After a few days of rest, it came more driving: all the way down through that narrow, scary I-476 by myself and picked up Matt in Philly. Some reminiscence of the people, places and events during that six weeks, which totally transformed my life: downtown Philly, Spirit & Truth, Ayuda, the kids...... looking back to the present self, I am lost...... Where am I heading to right now? Will I follow the steps of Ben, who is also a CS major? Where is my root of life?

Then everybody, about whom I struggled in my heart, showed up. It was expected and yearned for, I admit, shamefully or not. However, it was such a confusing and perplexing time. Everything got stirred up, and I almost lost control on myself...... how could I spend the next seven days with them? I would probably get crazy.

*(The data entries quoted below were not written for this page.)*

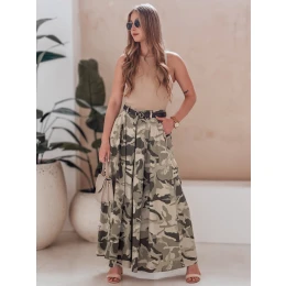 Spódnico-spodnie o wyjątkowo swobodnym kroju, które doskonale łączą komfort i styl. Wysoki stan pięknie podkreśla talię, a elastyczna gumka z tyłu zapewnia wygodę noszenia. Uniwersalny rozmiar pasuje od XS do L. Do zestawu dołączony jest pasek, który uzupełnia stylizację. Model wyposażony w dwie ozdobne kieszenie z przodu. Idealne na codzienne wyjścia oraz spotkania ze znajomymi.
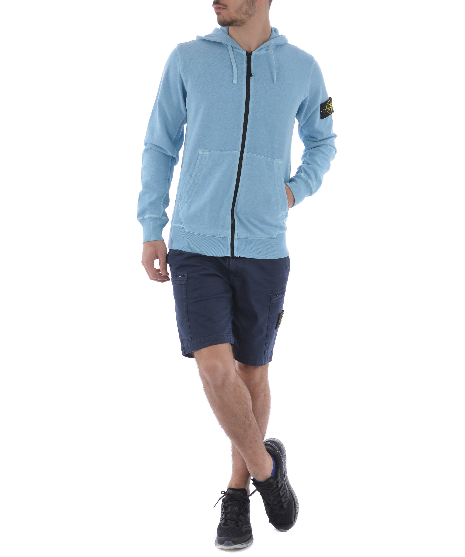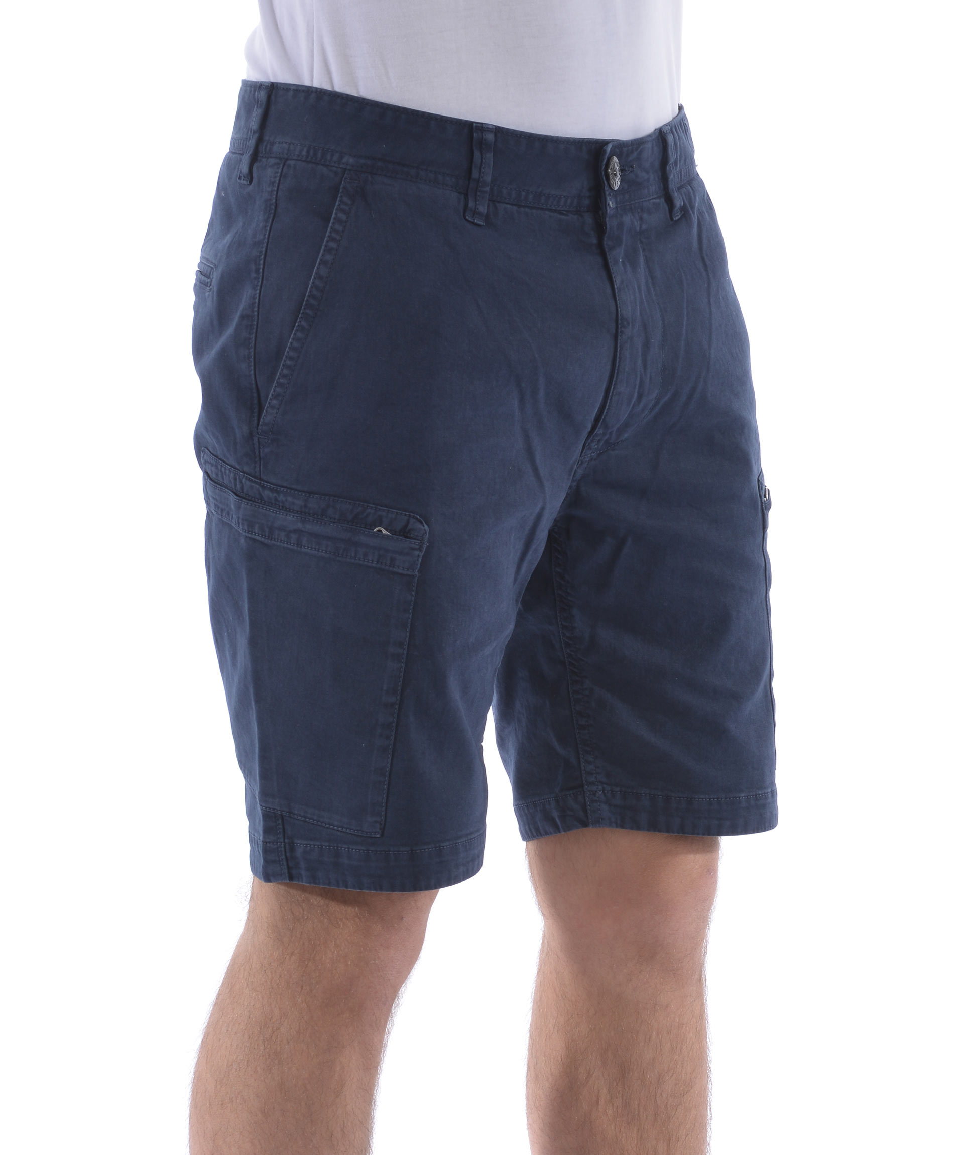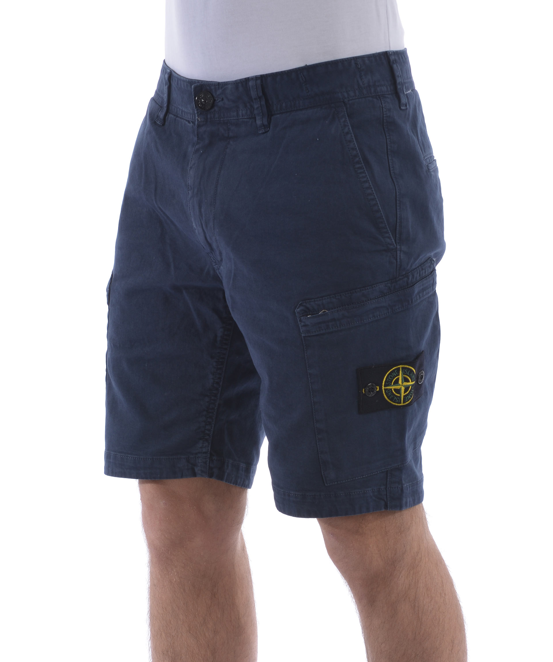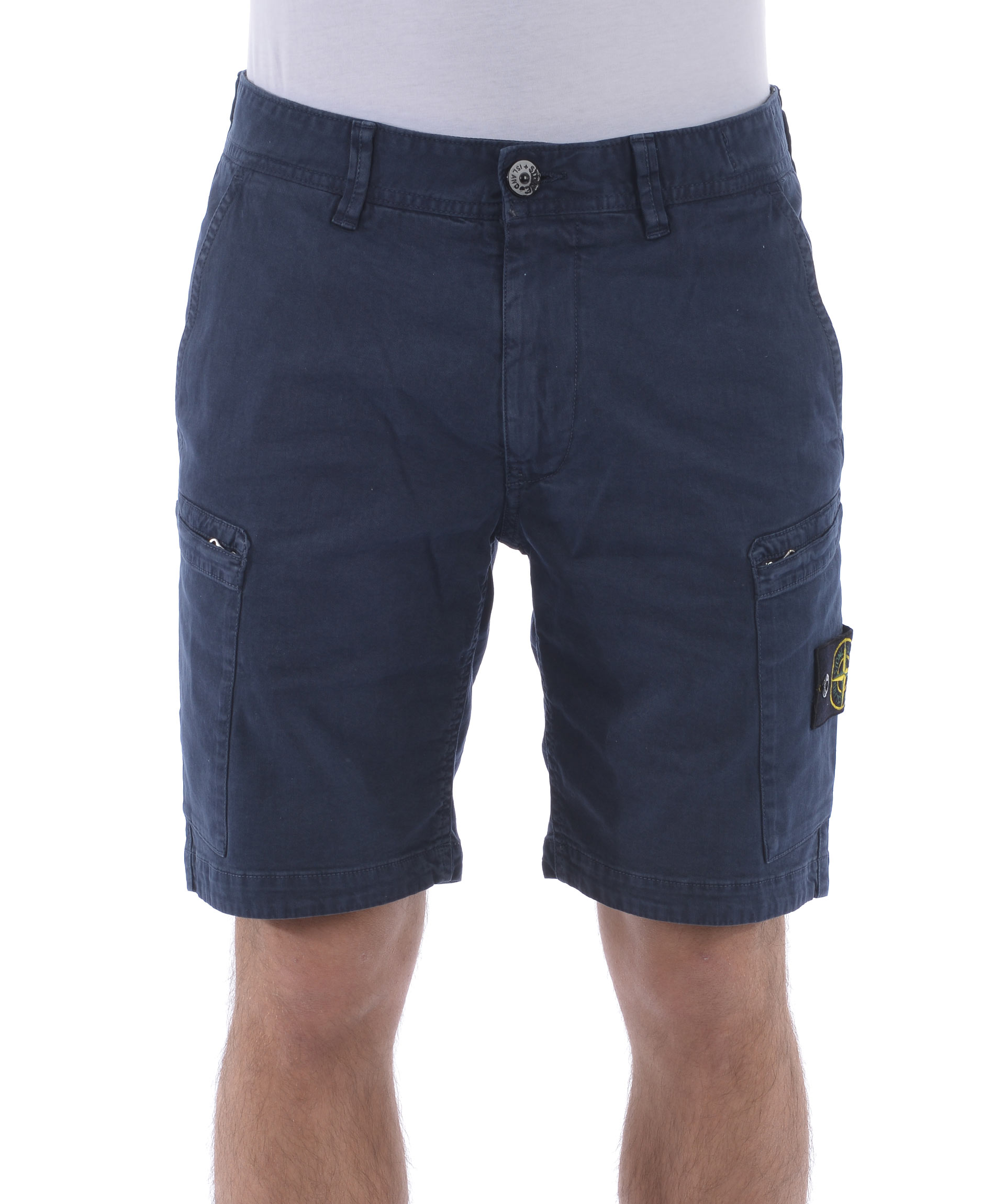 Shorts Stone Island in cotone stretch Blu effetto old. Tasche diagonali. Tasconi con zip. Tasche posteriori a filo con bottone. Chiusura con zip e bottone. Patch logo removibile sul tascone sinistro. Misura in foto 31 98% cotone, 2% elastene
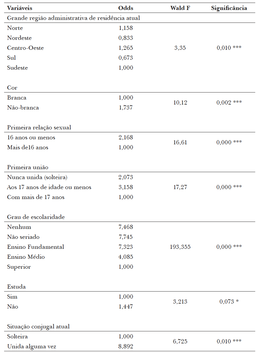A influência de variáveis sócio-demográficas sobre a chance de iniciar a vida reprodutiva antes dos 20 anos foi avaliada por meio de modelo logístico. Neste modelo foram consideradas apenas as mulheres de 15 a 24 anos que já haviam iniciado vida sexual ativa. Foram mantidas no modelo as variáveis que se mostraram significativas em sucessivas avaliações, a saber: região do país onde residem, cor da pele, nível de escolaridade, status escolar atual, idade à primeira relação sexual, idade à primeira união e situação conjugal atual5. Os resultados encontram-se no Quadro 1.
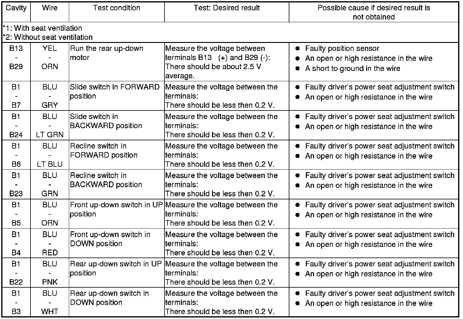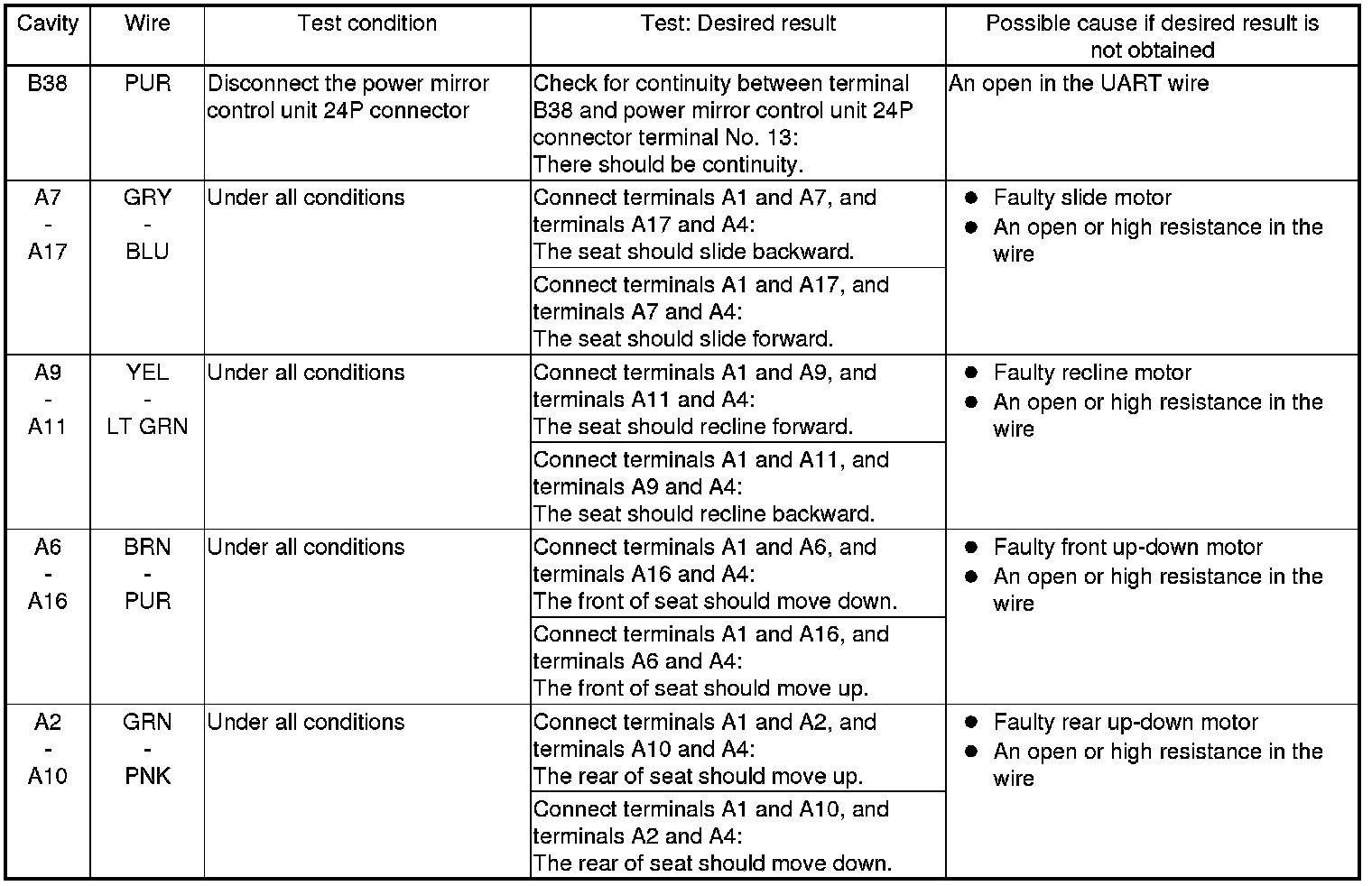 5. Reconnect the connectors to the power seat control unit, and do the following input tests:

Then, in the midst of the storm, a sudden calmness appeared. Through the eye of the hurricane, I could look up and see the clear blue sky, just like what Waveland had probably experienced four months ago. It was deeply inspiring, breath-taking and transcending, up to the highest star in the sky, the most powerful heat of the flame. They -- however beautiful, charming, attractive -- are not important anymore. The down-to-earth labor, dusty hands, muddy feet, exhausted joints and muscles showed that we are mere flesh, prosper in a while, then wither and we are no more. The deceptive imaginations are finally revealed.

Lord, thank you. Show me yourself in the midst of the storm.